- **What is being asked**
Look through the entries below and extract exactly the lines from the one containing "Wallabies’ fullback, Israel" through the one containing "TUBAN, PERHUTANI (04/11/2023)", ends included.

- **Listed records**
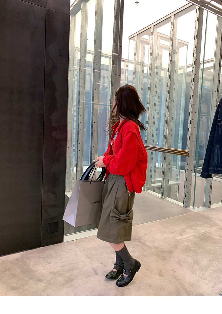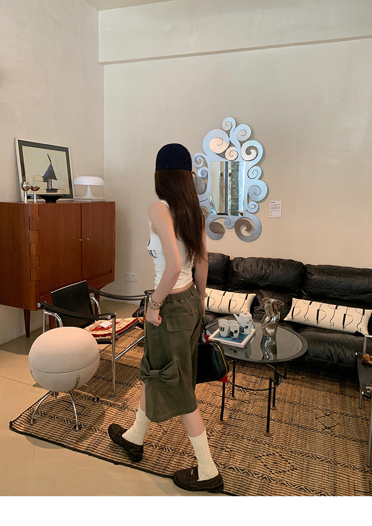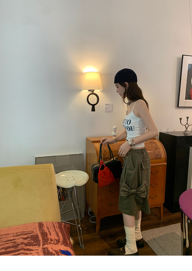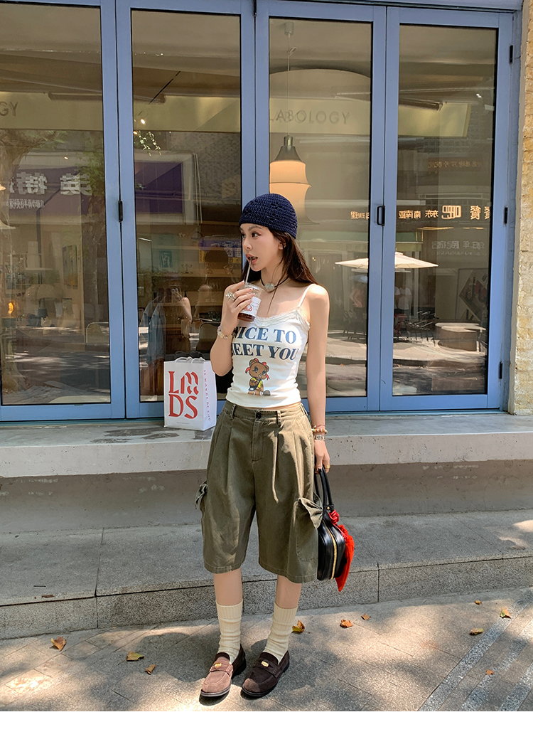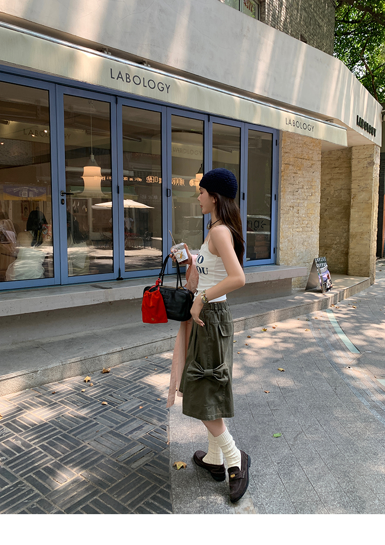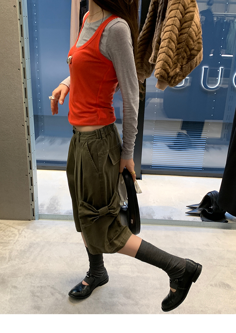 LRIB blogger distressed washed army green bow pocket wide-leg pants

...

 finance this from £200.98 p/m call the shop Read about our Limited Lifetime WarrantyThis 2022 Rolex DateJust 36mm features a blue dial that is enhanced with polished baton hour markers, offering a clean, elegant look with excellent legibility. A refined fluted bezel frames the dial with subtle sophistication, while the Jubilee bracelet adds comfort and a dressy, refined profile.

==

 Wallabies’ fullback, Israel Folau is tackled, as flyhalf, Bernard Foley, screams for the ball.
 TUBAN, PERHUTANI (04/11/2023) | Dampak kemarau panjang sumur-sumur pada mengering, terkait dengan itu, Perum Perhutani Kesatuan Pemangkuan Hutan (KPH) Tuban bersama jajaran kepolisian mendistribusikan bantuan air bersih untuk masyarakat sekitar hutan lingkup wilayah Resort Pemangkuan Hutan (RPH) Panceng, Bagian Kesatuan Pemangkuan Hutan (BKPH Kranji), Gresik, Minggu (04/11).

- **Result**
 Wallabies’ fullback, Israel Folau is tackled, as flyhalf, Bernard Foley, screams for the ball.
 TUBAN, PERHUTANI (04/11/2023) | Dampak kemarau panjang sumur-sumur pada mengering, terkait dengan itu, Perum Perhutani Kesatuan Pemangkuan Hutan (KPH) Tuban bersama jajaran kepolisian mendistribusikan bantuan air bersih untuk masyarakat sekitar hutan lingkup wilayah Resort Pemangkuan Hutan (RPH) Panceng, Bagian Kesatuan Pemangkuan Hutan (BKPH Kranji), Gresik, Minggu (04/11).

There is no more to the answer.